Locate the line containing "厨房推拉门防撞墙贴玻璃贴纸客厅阳台中国风贴画福字门..." in the entries below, then retype it and every later line exactly, leaving out pictures.

▶ **Data**:
'''
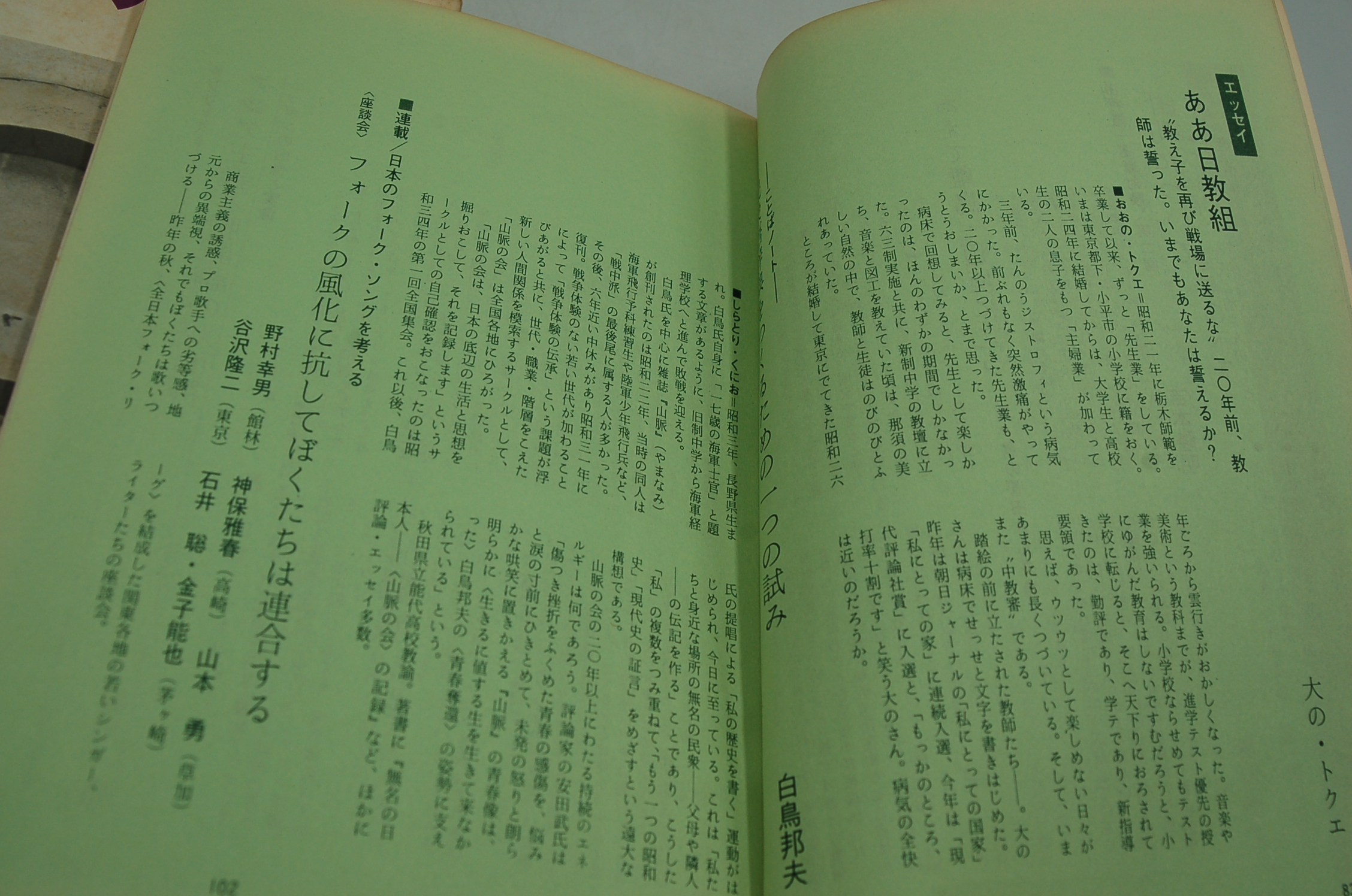 井沼章「ミサイルがそこまでやってきた 青森県・車力村からの現地報告」、藤川治水「「あつい壁」から「」水俣」へ 熊本における映画運動始末書、田村隆一・谷川俊太郎(対談)、高田渡「みんな思想がなさすぎる 歌手仲間のなれあいはゴメンだ」、高岡良樹「地域歌手宣言」・・・
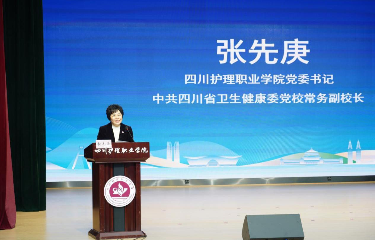 11月29日,以“产教融合聚合力、数智赋能促发展”为主题的现代智能大健康服务产教融合共同体、成都大健康产教联合体学术研讨会暨成渝双城经济圈现代护理职业教育联盟第五届研讨会在学院召开。省卫生健康委二级巡视员江涛、成都中医药大学校长曾芳、重庆护理职业学院党委书记郑泽莉,龙泉驿区教育局党组书记、局长曾涌,龙泉驿区卫健局党组书记、局长朱秀萍,学院党委书记张先庚、院长姚永萍等全体在校院领导出席,来自全国92家单位350余名代表参会。会议由学院副院长梁小利主持。
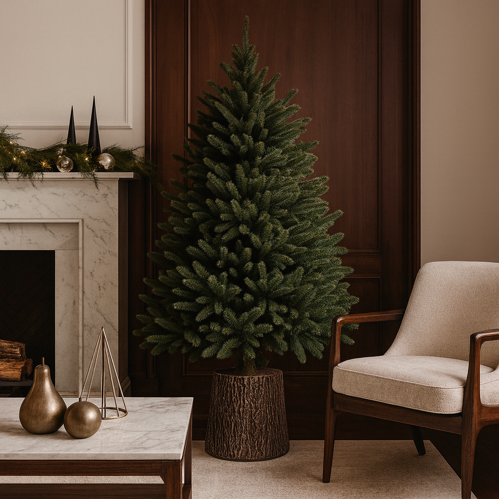 - Effetto corteccia realistico: Progettata per replicare l'aspetto di un tronco d'albero naturale, questa base presenta dettagli accurati di corteccia, conferendo un tocco rustico e autentico alla tua decorazione natalizia.
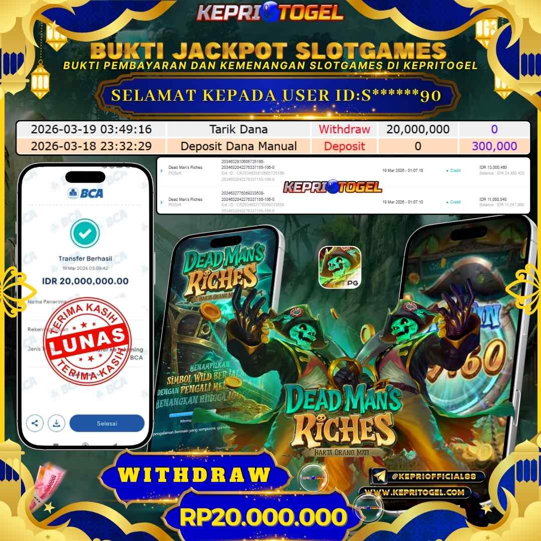 Selamat kepada UserId S******90 telah berhasil mendapatkan kemenangan jackpot pada permainan Slot Dead Man's Riches Kepritogel sebesar Rp20,000,000,- . Kepritogel situs terpercaya sejak dulu hingga saat ini , Untuk kemenangan berapapun pasti akan kami bayarkan . Jangan ragu bermain di Kepri Togel . Kami pihak Kepritogel Menyampaikan terima kasih kepada seluruh member Kepri Togel yang telah Percaya dan setia Bersama kami bermain di Kepritogel hingga saat ini.
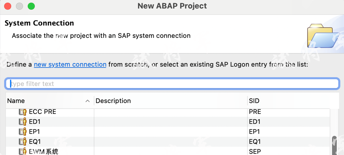 但是MAC中的eclipse安装ABAP插件之后,在创建ABAP project时,无法读取SAP GUI中配置的登录地址,创建时比较麻烦
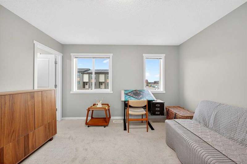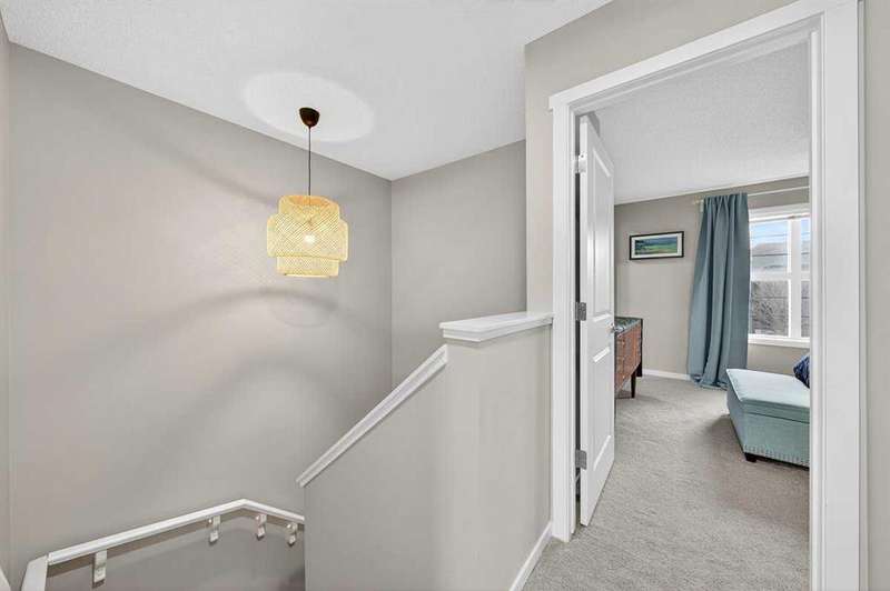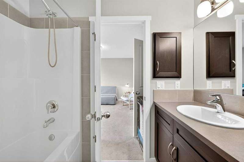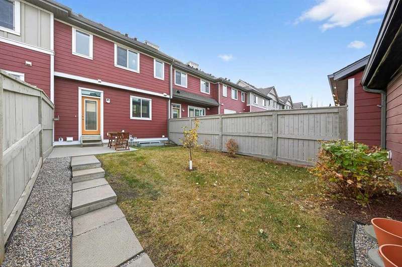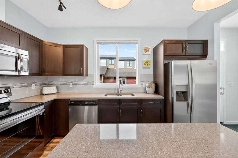 Welcome to this beautiful NO-CONDO-FEE townhome in the highly sought-after lake community of Mahogany, offering year-round access to the beach, clubhouse, and an array of outdoor amenities. This immaculate home combines comfort, functionality, and style, with a thoughtfully designed floor plan that takes full advantage of the abundant natural light streaming through the large windows. The main floor boasts 9-foot ceilings and an inviting open-concept layout that seamlessly connects the living, dining, and kitchen areas—perfect for both relaxing and entertaining. The kitchen is well-appointed with granite countertops, stainless steel appliances, and ample cabinetry, complemented by a blend of laminate and tile flooring that adds both warmth and durability. Upstairs, you’ll find two spacious primary bedrooms, each offering a walk-in closet and private ensuite for ultimate convenience and privacy. One of the bedrooms also includes a versatile den area, ideal for a home office or cozy reading nook. The unfinished basement provides plenty of potential for future development—whether you envision a recreation room, home gym, or extra storage space. Outside, enjoy a low-maintenance yard, a welcoming front porch, and a private backyard complete with a cement patio and gas grill hookup, perfect for summer barbecues and relaxing evenings. A detached double garage offers secure parking and additional storage. Recent upgrades include brand-new carpet (2025), a new hot water tank (2025), and a newer oven (2023), making this home truly move-in ready. With its excellent layout, modern finishes, and access to one of Calgary’s most desirable lake communities, this Mahogany townhome is a perfect blend of lifestyle and value.
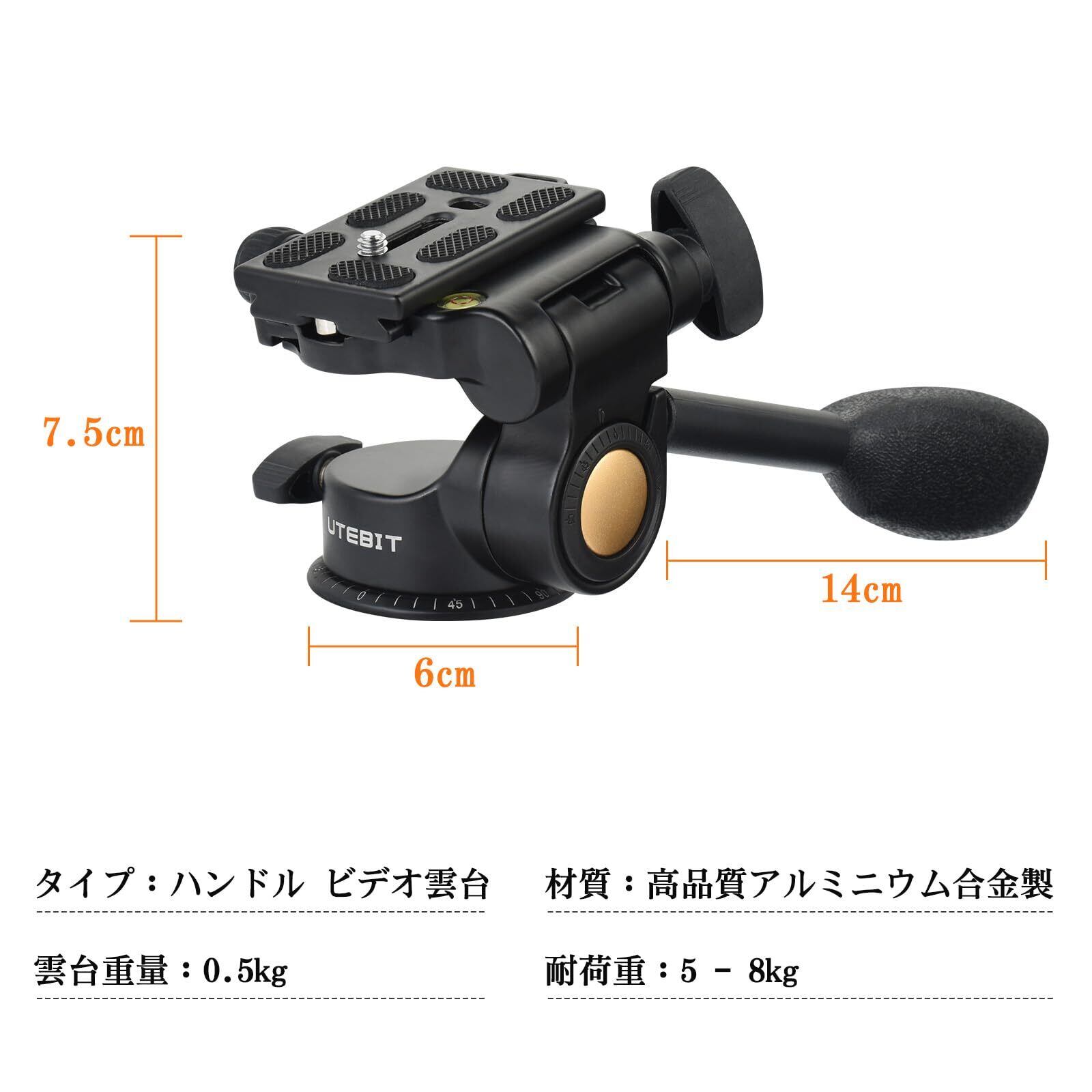 UTEBIT フルード ビデオ雲台 2WAY 自由雲台 アルカスイス 雲台 クイックリリースプレート付き カメラ雲台 360°回転可能 1/4"と3/8"ネジ付き 耐荷重5-8kg アルミニウム合金
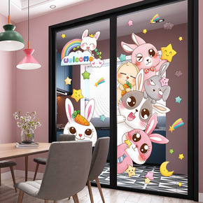 厨房推拉门防撞墙贴玻璃贴纸客厅阳台中国风贴画福字门...
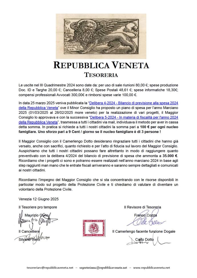 Caro Cittadino della Repubblica Veneta, nell'assolvere il proprio mandato e come da regolamento, la Tesoreria con proprio documento pubblica la relazione di Cassa della Repubblica Veneta certificata per il I Quadrimestre 2025  con le sue conclusioni e approvata nella riunione in presenza del Maggior Consiglio del 12.06.2025.
'''
▶ **Written solution**:
 厨房推拉门防撞墙贴玻璃贴纸客厅阳台中国风贴画福字门...
 Caro Cittadino della Repubblica Veneta, nell'assolvere il proprio mandato e come da regolamento, la Tesoreria con proprio documento pubblica la relazione di Cassa della Repubblica Veneta certificata per il I Quadrimestre 2025  con le sue conclusioni e approvata nella riunione in presenza del Maggior Consiglio del 12.06.2025.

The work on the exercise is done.